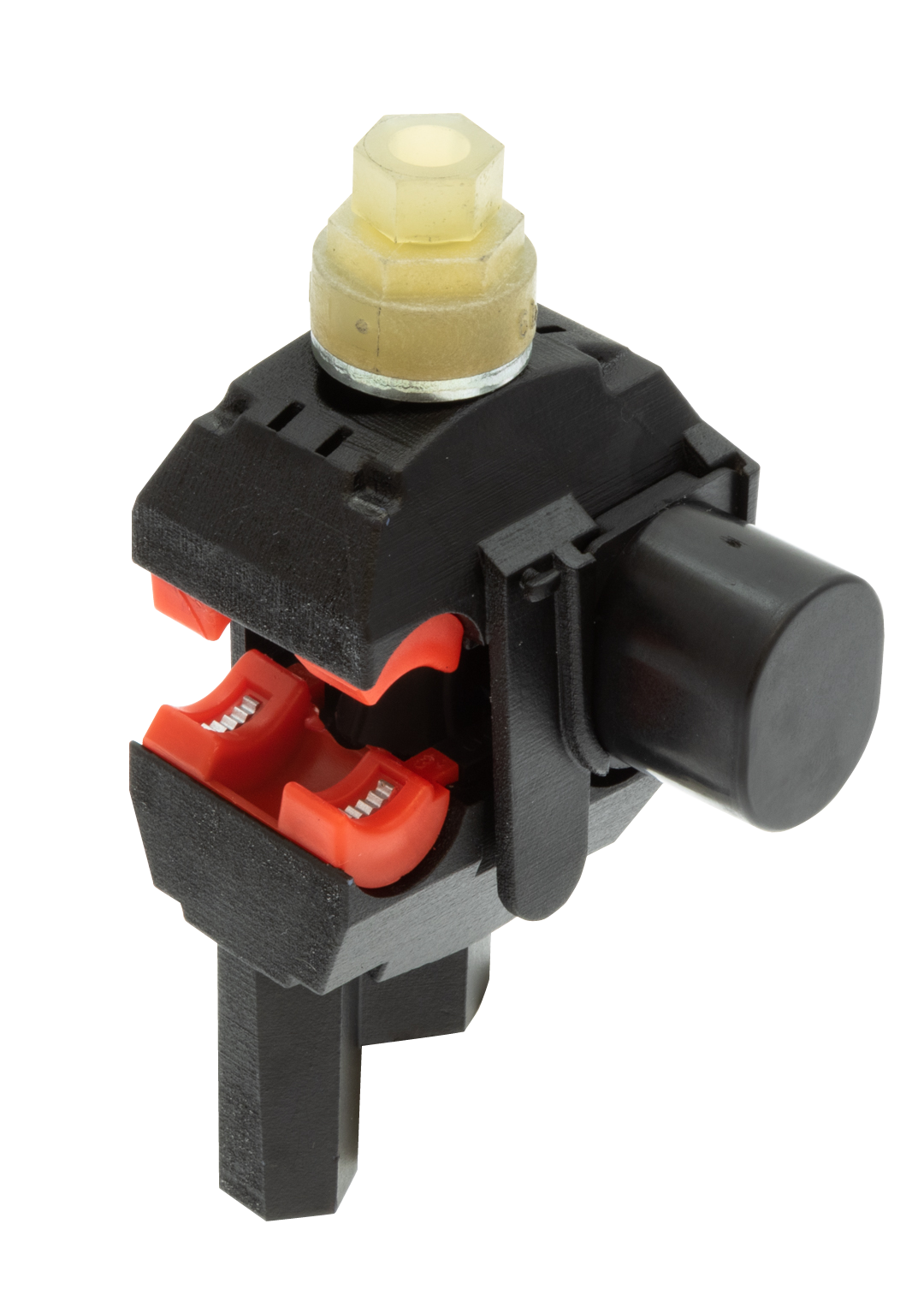 Zacisk przebijający izolację do odgałęzień linii nN i podłączania ograniczników przepięć NTD1 Protect Służy do jednoczesnego wykonywania odgałęzienia przewodem izolowanym (Cu lub Al) od linii gołej linii głównej nN (Cu, Al. AAL i AFL) i podłączenia ogranicznika przepięć (gniazdo M8).
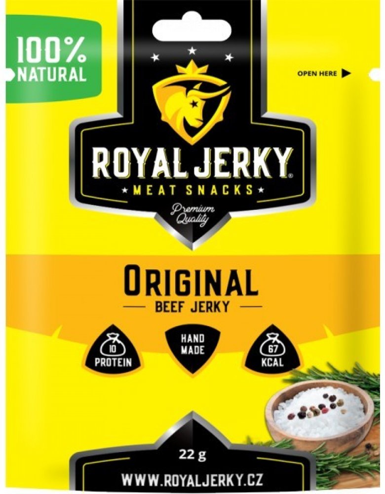 Produkt pro všechny, kdo milují vlastní chuť masa. Royal Jerky je lahodné sušené maso, které nabízí širokou škálu příchutí i možností bez přidané příchuti, aby vyhovělo všem vkusům. Každý kousek je pečlivě připraven a sušen, aby poskytl dokonalou kombinaci chutí a textury. Díky kvalitním surovinám a preciznímu zpracování se jedná o skvělý zdroj bílkovin, ideální pro aktivní životní styl nebo jako chutná svačina kdykoliv během dne.
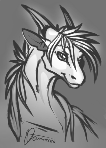 was derping around with values in design again, added shading too! It’s not so visible, but I’ll work on that more next time; his underbelly fluff is a bit ligher, so is his snout and inner ear, his mane is darkerArt(C)me
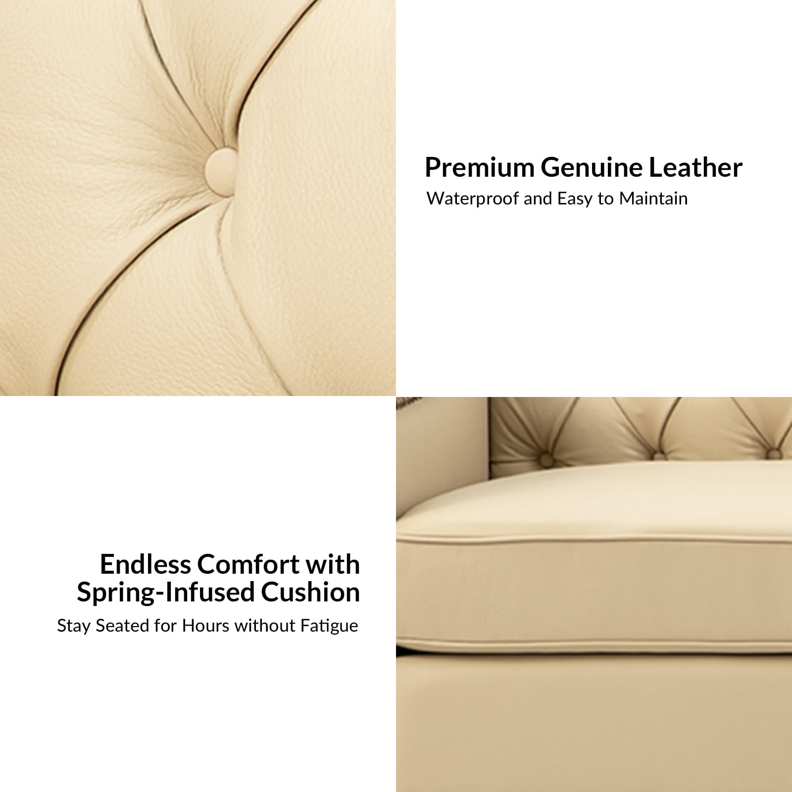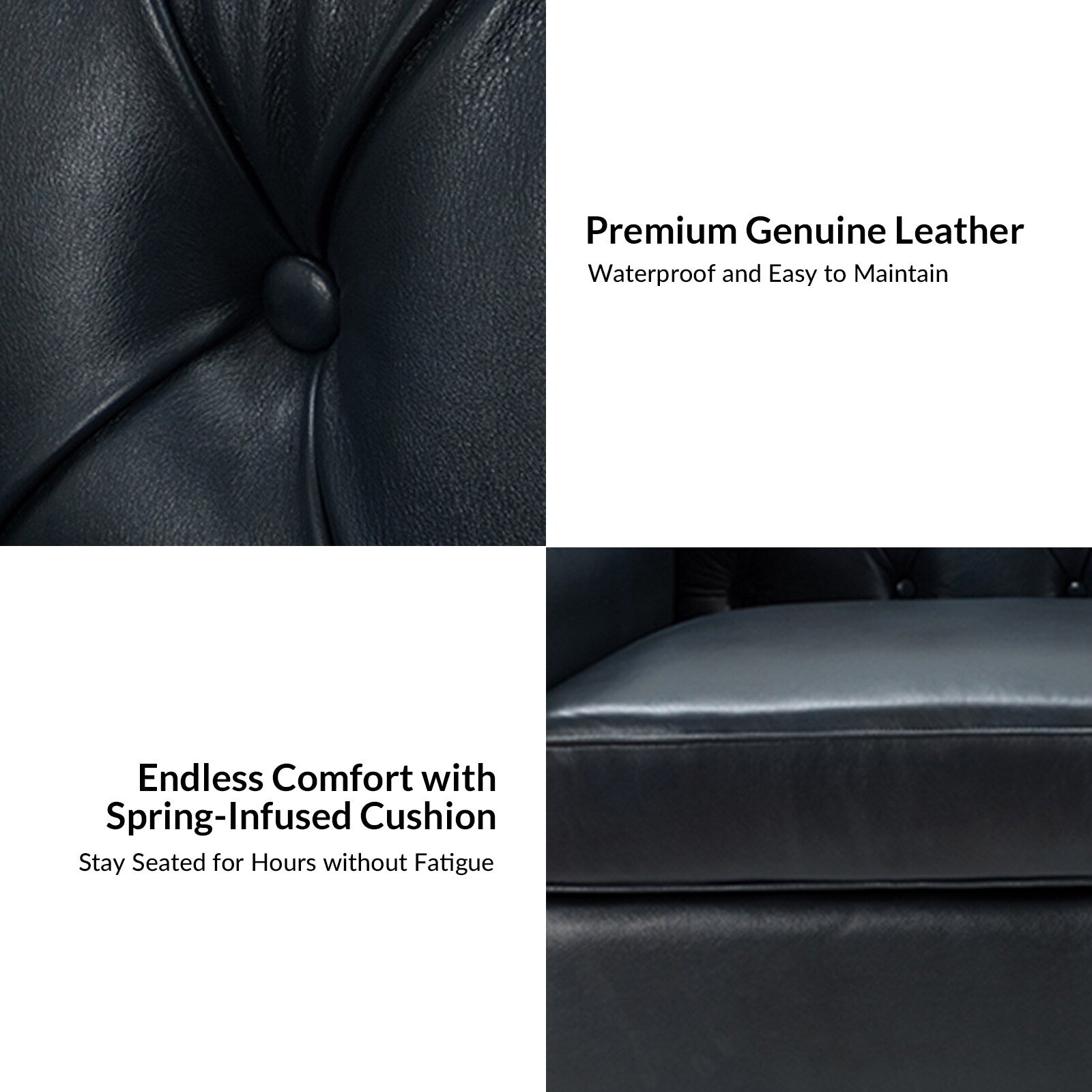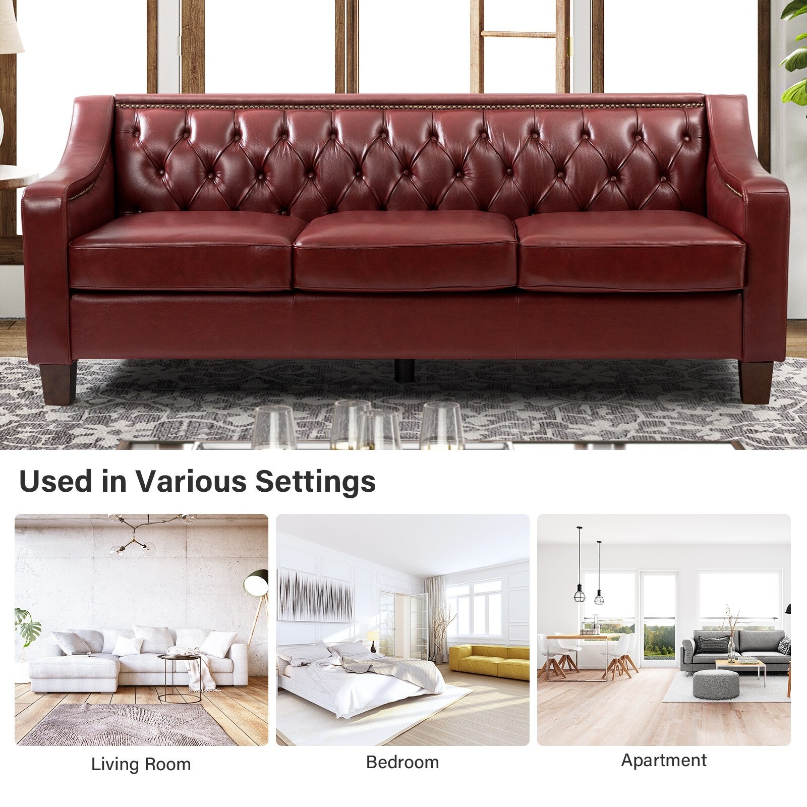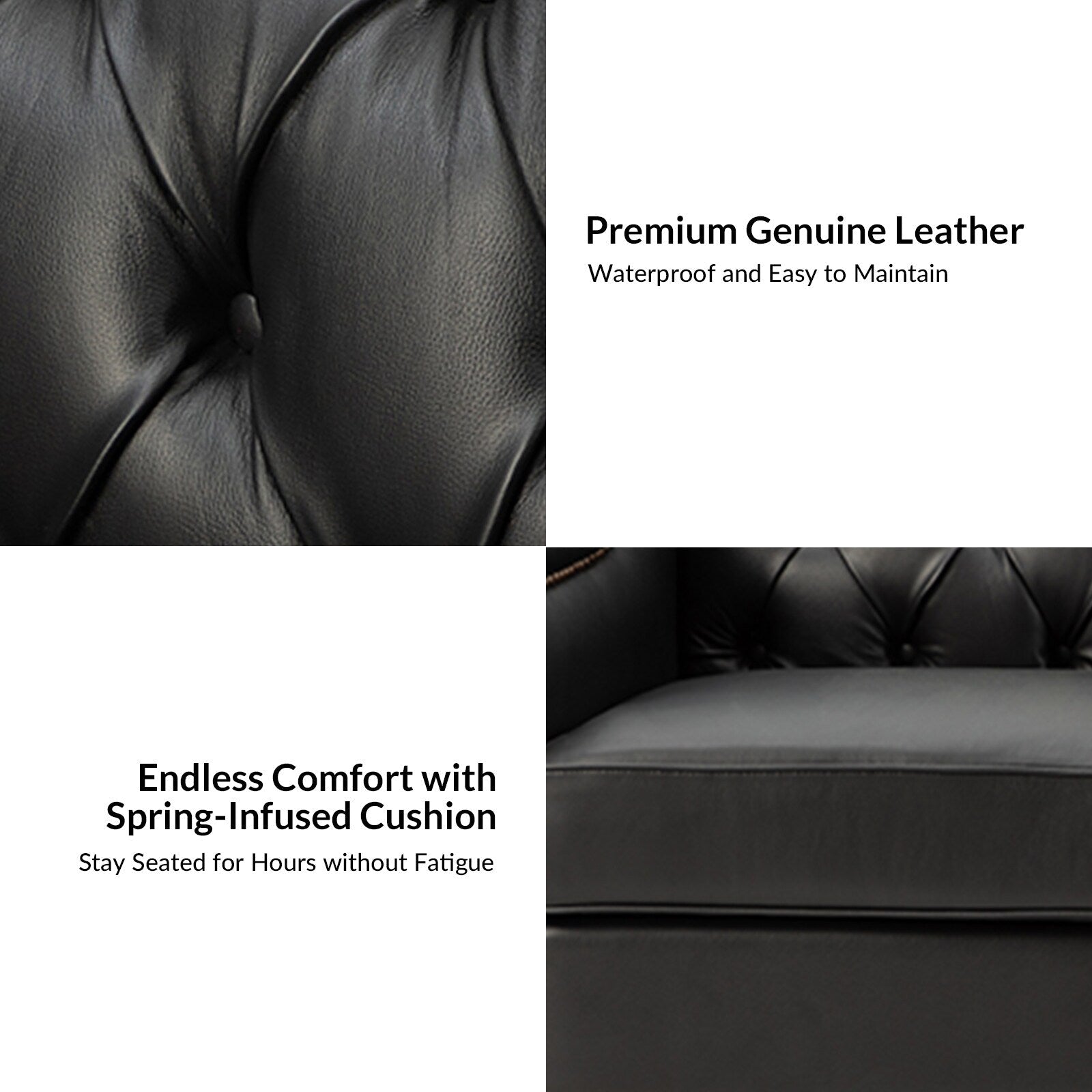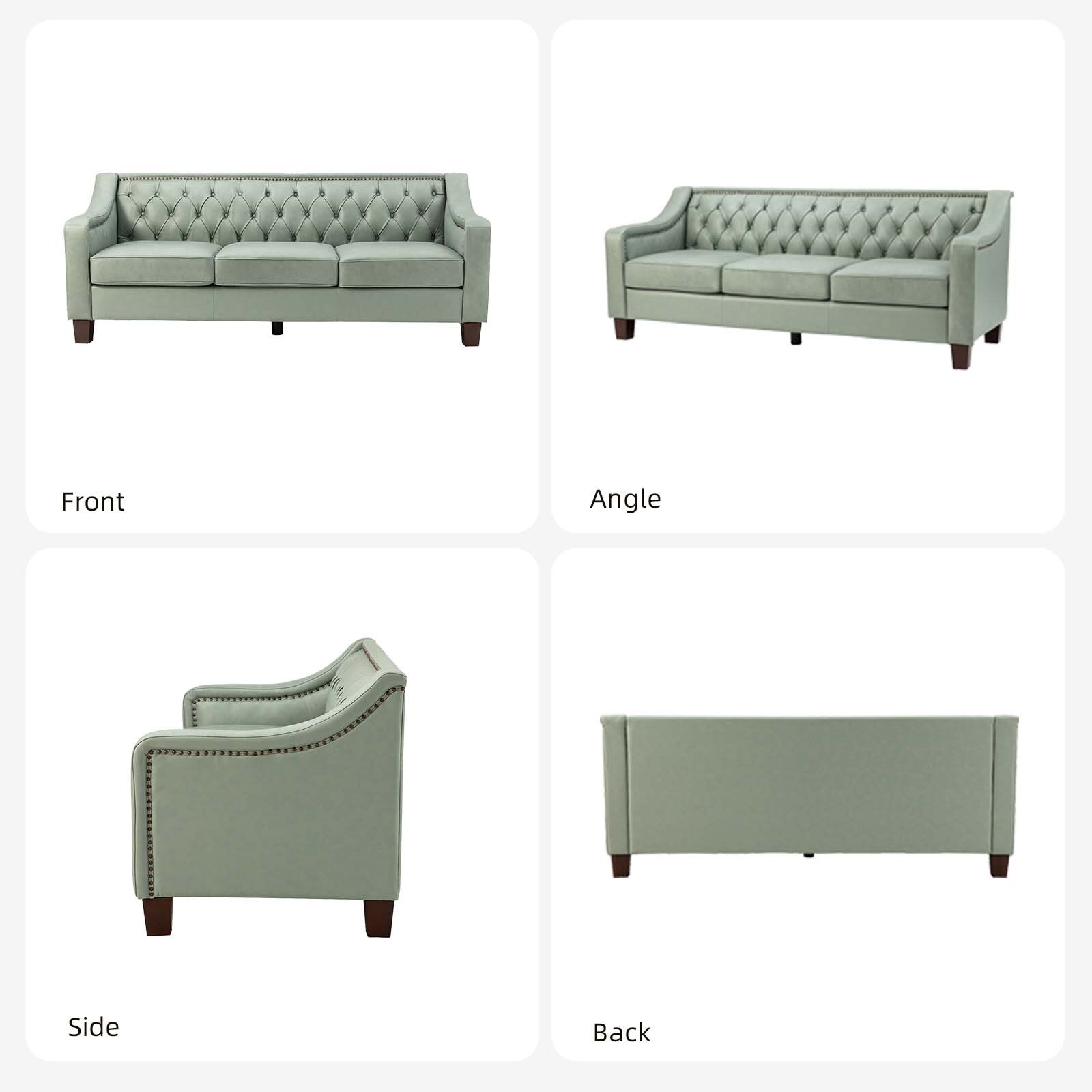 Canapé transitionnel en cuir véritable Mateo 82,28 pouces avec garniture cloutée et dossier capitonné

Work item:
Write out each line of the data above exactly, starting at the top and finishing with the line containing "was derping around"; omit the pictures.

Answer box:
 Zacisk przebijający izolację do odgałęzień linii nN i podłączania ograniczników przepięć NTD1 Protect Służy do jednoczesnego wykonywania odgałęzienia przewodem izolowanym (Cu lub Al) od linii gołej linii głównej nN (Cu, Al. AAL i AFL) i podłączenia ogranicznika przepięć (gniazdo M8).
 Produkt pro všechny, kdo milují vlastní chuť masa. Royal Jerky je lahodné sušené maso, které nabízí širokou škálu příchutí i možností bez přidané příchuti, aby vyhovělo všem vkusům. Každý kousek je pečlivě připraven a sušen, aby poskytl dokonalou kombinaci chutí a textury. Díky kvalitním surovinám a preciznímu zpracování se jedná o skvělý zdroj bílkovin, ideální pro aktivní životní styl nebo jako chutná svačina kdykoliv během dne.
 was derping around with values in design again, added shading too! It’s not so visible, but I’ll work on that more next time; his underbelly fluff is a bit ligher, so is his snout and inner ear, his mane is darkerArt(C)me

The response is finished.